The Mayor of London, Sadiq Khan, said: “This analysis shows the eye-watering drop in the money spent by visitors in the economic and cultural heart of the capital – which is far greater than even the impact of fewer commuters travelling into the centre of the city each day.
“Clearly, this will mean many businesses are in danger of closing and many thousands of jobs will be at risk.
“I’m determined to do all I can to support London’s economic recovery now, and in the years to come. But these sectors won’t be able to sustain pre-pandemic levels of employment until tourists return in significant numbers – so Government must act swiftly to prevent widespread job losses and the financial hardship this will bring for Londoners, many of whom are already struggling to make ends meet.
“The Government needs to get its act together and provide a functioning test and trace system so the economy can reopen safely.
“We also urgently need an extension of the business rates holiday to next year along with more support for jobs beyond what the Chancellor announced this week and which truly reflects the scale of the problem.”
Chief Executive at New West End Company, Jace Tyrrell, said: “Here in the West End, international visitors usually account for almost 50 per cent of footfall and more in spend, and this year, the whole tourism ecosystem of retail, hospitality, leisure and culture has suffered from the lack of international travellers.
“As we enter the key Christmas season – usually peak trading months – our businesses need immediate support to survive and longer-term measures to aid what is sure to be a long and slow recovery for many.

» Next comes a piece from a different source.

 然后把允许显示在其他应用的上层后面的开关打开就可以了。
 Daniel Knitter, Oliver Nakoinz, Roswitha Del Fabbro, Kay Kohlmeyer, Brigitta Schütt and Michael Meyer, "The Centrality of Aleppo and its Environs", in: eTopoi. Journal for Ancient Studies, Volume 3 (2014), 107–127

“The decision to abolish tax-free shopping for international visitors was a further blow to the industry, with the UK set to be the only country in Europe not to offer tax-free shopping to our international visitors. On top to dismal sales and footfall, the tourism industry is set to lose a further £6 billion a year in spend resulting in up to 138,000 job losses on the back of this decision. With the industry still reeling from the impact of Covid-19, we urge the Government to reconsider its decision and further support such a valuable industry.”

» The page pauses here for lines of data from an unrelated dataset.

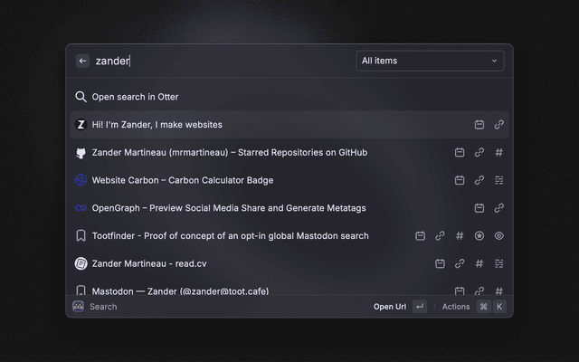 Raycast extension for Otter bookmarks, a self-hosted bookmarking app created by Zander Martineau
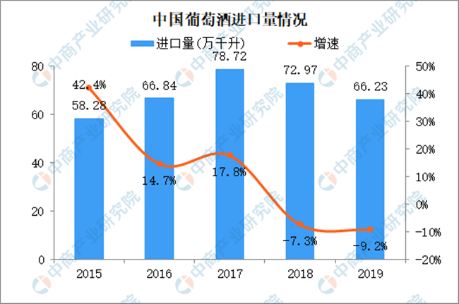 2015-2017年葡萄酒進口量穩(wěn)步上漲,但是增速放緩。此后兩年葡萄酒進口量持續(xù)下降,2019年葡萄酒進口量跌至2016年水平,進口量66.23萬千升,同比減少9.2%。
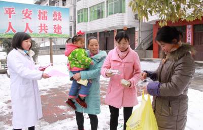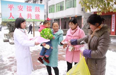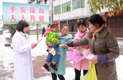 1月28日,竹山县擂鼓镇计生工作人员深入该镇佑城社区为育龄妇女发放人口计生宣传资料和药品、药具。日前,该镇紧抓春节前夕农民工返乡高潮这一大好时机,开展“送政策、送知识、送宣传、送药具、送健康”为主题的“五送”大走访活动,大力倡导“亲情服务、热情服务、友情服务”,促进全镇育龄妇女和计生家庭和睦幸福。
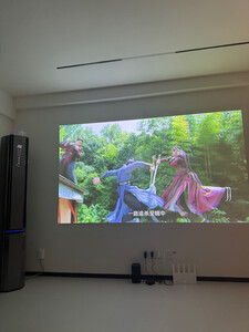 用了几天才来评价,个人感觉效果很好,图片是上午10点半拍的,效果很清晰,用的黑金幕布!其实感觉投到墙上效果也很好!音质不错,视觉效果不是电视能比的,清晰度我感觉不比电视差,真4K,晚上开灯效果也很好,但是120寸视觉效果太震撼了,很满意!
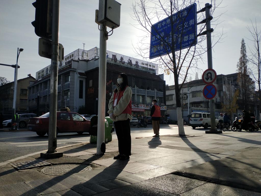 志愿者们接受了交通安全知识培训和相关细节安排后积极上岗,两人一组分别负责荆州区通会桥社区的各个路口,清理点位附近的果皮纸屑等垃圾、劝导行人不文明的行为以及劝导市民将共享单车摆放整齐。

Chair of the Association of Leading Visitor Attractions, Baroness Patience Wheatcroft, said: “Tourism is one of London’s largest and most important industries and we know that four in five overseas tourists to London are motivated to come here for our culture – our theatres, museums, galleries and attractions. These are not just leisure visitors but businesspeople, inward investors, students and event attendees.
“Everyone in London knows someone who works in tourism and they know how decimated the industry is. We need specific help from the Government for our hospitality and tourism sectors to keep businesses afloat, keep people in their jobs and to market London to the UK domestic market, and to the world, so we can welcome back our inbound tourists when they are ready to return.”